ER: How do you feel about the evolution of miniature games over the last twenty-five years?

GS: Twenty-five years is a bit longer than my involvement in wargaming as a living and a job, but I have seen most of that time. I have no feelings on the changing market really, as it is what it is. I just moved along with it.

My own way of working has changed totally in that time though, as has the company. Social media being the biggest change. I never used to interact with our customers so directly in such large numbers. I enjoy this, but it can take up several hours in a day at times, and I tend to be around seven days a week.

I would say that the rise of resin as a medium has been the biggest evolution of the last quarter-century, allowing the creation of models simply impossible in metal, such as bigger monsters and tanks. Though 3D printing is now fairly common, that will be an evolution over the next couple of decades.

The games themselves in my experience have become more streamlined and less complex than before, with sadly less of an emphasis on artwork internally (my favourite thing). There is now more choice than I can follow in the industry in choice of games and miniatures and that is a great thing. Alternative Armies has doubled and then doubled again its size of ranges as well as its print and virtual gamebooks all as part of this evolution. Overall the hobby is more fragmented now, but larger than ever and it's a positive change.



ER: What are the most gratifying and most challenging parts of your job?

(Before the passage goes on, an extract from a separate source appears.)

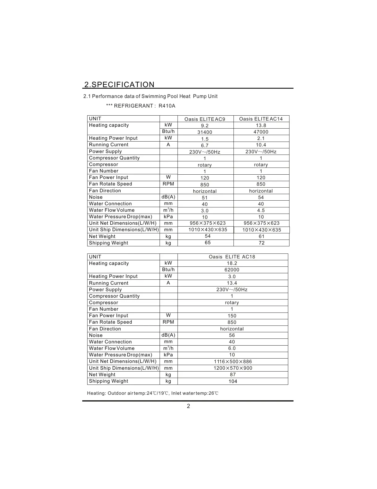 2.1 Performance data of Swimming Pool Heat Pump Unit
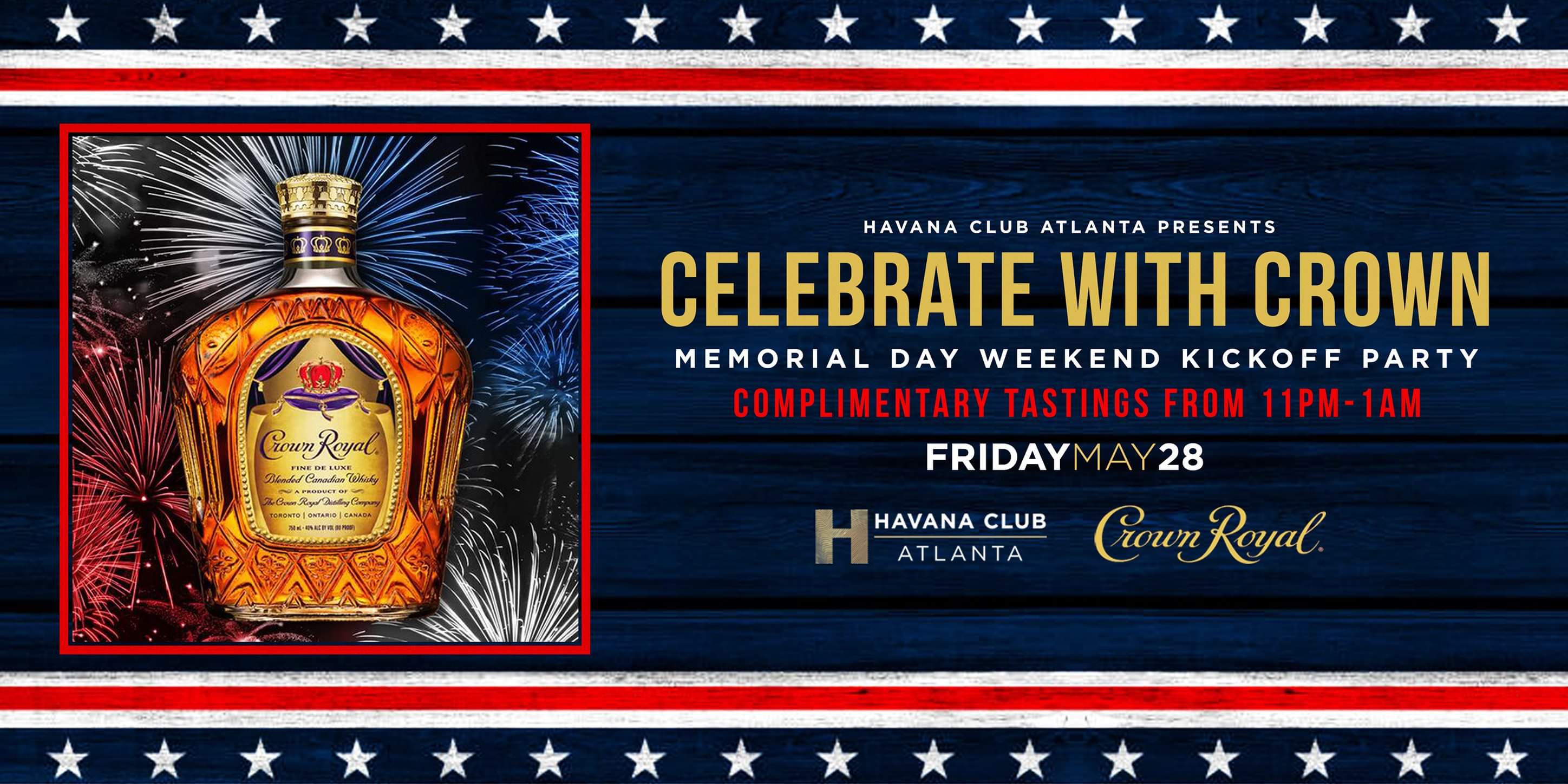 Friday, May 28th, We're kicking off Memorial Day Weekend with our Havana Fridays special event: Celebrate with Crown Party! 2 rooms, 2 environments with the best of Top 40s & Latin beats!

GS: The most challenging aspect of my job is balancing time. I am the public face of the company, which commits my time, as well as the creative manager for choosing projects and designs and lead author for titles; plus I run the website too. I manage this by splitting my day into pieces and never working more than 11 hours a day… well, maybe 12 some days.

The most gratifying part of my job is rather simple. Two things: Firstly, seeing a project from conception to release, and secondly, getting nice messages from customers in thanks and so forth for what we do.

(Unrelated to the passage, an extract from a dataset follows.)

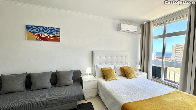 Arrenda-se apartamento T0 para Férias para 2 pessoas, a 100 metros da praia, com vista mar, totalmente mobilado e equipado com televisão, placa vitrocerâmica, forno, exaustor, microondas, frigorífico, máquina de lavar roupa, máquina de café, torradeira, varinha mágica, louça e utensílios para cozinhar, secador de cabelo e ferro de engomar.
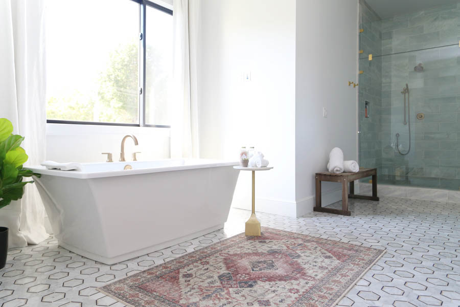 How-to-Update-Your-Rugs-for-Spring pink and gold blush Skye rug on a black and gold honeycomb marble floor with a large Kohler soaking tub

ER: If you could impart words of wisdom to a budding author, what would they be?

GS: Keep trying and expect the first book or series or articles you write to be poor. It takes a lot of practise to get good at prose, at dialogue, at setting, and of course at article- or interview-writing such as this.

Try to write for an hour a day. You will develop your style and improve, and when you get the first word in print it is a big moment. The market is more open now for authors than ever with virtual books outselling print ones and ground-floor access to platforms such as Kindle. That is half the battle already won. I myself do what I can for new authors and also new designers with things such as “write an article,” which we publish with your name on it, or the SHM Range, where we mold a miniature which would otherwise never see the light of day. Both of these are “toe holds” in the public eye giving exposure. It helps you on to more work, and it helps us, which is totally fair. Alternative Armies always rewards those who create for us.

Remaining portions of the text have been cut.